The lines to reproduce from the material below are those from the one containing "Van ‘I’m with" through the one containing "Proverbs 8:31 Rejoicing", both included; write them out exactly and add nothing.

————

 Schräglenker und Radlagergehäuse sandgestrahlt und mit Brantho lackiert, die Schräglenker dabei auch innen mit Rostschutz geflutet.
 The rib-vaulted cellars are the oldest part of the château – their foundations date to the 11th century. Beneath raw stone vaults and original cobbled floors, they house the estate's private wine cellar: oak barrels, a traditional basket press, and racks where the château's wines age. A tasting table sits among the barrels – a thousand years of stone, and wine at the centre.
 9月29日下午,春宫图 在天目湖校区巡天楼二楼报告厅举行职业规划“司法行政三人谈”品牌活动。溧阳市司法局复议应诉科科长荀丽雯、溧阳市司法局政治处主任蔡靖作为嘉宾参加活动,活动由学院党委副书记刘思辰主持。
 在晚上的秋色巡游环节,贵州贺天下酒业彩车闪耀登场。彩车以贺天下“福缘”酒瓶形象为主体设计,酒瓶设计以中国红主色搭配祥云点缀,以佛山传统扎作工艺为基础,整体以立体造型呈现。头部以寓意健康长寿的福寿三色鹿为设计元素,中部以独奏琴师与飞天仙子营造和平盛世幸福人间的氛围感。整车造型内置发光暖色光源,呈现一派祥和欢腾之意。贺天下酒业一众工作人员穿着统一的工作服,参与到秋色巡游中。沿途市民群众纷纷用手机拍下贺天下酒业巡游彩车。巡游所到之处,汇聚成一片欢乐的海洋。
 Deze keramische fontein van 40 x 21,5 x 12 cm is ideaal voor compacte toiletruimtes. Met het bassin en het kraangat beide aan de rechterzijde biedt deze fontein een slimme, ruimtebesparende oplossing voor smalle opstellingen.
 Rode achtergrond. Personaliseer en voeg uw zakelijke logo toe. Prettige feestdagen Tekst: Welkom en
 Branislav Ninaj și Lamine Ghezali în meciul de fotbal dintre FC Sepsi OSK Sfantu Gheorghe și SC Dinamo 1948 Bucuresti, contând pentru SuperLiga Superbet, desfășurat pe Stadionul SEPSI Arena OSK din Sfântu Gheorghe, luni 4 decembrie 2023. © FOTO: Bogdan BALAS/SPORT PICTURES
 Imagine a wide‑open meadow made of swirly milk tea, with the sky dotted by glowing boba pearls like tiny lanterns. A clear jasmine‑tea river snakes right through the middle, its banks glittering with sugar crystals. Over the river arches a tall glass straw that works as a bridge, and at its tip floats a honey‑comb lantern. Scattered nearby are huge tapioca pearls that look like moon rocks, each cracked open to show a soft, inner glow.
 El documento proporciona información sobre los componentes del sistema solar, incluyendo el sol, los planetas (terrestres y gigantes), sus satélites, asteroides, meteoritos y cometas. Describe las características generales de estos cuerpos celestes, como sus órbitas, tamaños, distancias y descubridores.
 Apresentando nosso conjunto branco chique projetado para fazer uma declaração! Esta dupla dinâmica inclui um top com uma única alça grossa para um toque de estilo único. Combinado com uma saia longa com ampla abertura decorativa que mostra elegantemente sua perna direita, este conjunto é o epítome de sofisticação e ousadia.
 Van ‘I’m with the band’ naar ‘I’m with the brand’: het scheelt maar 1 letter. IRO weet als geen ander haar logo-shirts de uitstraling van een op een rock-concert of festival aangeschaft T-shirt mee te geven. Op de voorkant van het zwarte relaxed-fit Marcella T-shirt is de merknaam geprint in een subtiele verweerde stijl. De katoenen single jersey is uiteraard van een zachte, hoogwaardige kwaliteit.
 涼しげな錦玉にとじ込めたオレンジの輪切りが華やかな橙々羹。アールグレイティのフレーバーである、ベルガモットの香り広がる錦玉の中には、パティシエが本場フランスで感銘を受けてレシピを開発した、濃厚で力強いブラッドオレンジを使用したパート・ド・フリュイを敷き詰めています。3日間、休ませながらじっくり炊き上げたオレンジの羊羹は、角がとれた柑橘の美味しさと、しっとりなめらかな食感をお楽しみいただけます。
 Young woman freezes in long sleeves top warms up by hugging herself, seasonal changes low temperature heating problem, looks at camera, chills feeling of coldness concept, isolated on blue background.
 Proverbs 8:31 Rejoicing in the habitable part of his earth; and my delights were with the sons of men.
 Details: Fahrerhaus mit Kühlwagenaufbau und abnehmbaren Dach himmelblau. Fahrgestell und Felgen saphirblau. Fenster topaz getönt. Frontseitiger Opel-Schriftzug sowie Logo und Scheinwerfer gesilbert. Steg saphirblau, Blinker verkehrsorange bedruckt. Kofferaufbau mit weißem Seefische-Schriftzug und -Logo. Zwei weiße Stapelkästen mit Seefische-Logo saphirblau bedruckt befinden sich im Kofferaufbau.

————

» **Exercise solution**
 Van ‘I’m with the band’ naar ‘I’m with the brand’: het scheelt maar 1 letter. IRO weet als geen ander haar logo-shirts de uitstraling van een op een rock-concert of festival aangeschaft T-shirt mee te geven. Op de voorkant van het zwarte relaxed-fit Marcella T-shirt is de merknaam geprint in een subtiele verweerde stijl. De katoenen single jersey is uiteraard van een zachte, hoogwaardige kwaliteit.
 涼しげな錦玉にとじ込めたオレンジの輪切りが華やかな橙々羹。アールグレイティのフレーバーである、ベルガモットの香り広がる錦玉の中には、パティシエが本場フランスで感銘を受けてレシピを開発した、濃厚で力強いブラッドオレンジを使用したパート・ド・フリュイを敷き詰めています。3日間、休ませながらじっくり炊き上げたオレンジの羊羹は、角がとれた柑橘の美味しさと、しっとりなめらかな食感をお楽しみいただけます。
 Young woman freezes in long sleeves top warms up by hugging herself, seasonal changes low temperature heating problem, looks at camera, chills feeling of coldness concept, isolated on blue background.
 Proverbs 8:31 Rejoicing in the habitable part of his earth; and my delights were with the sons of men.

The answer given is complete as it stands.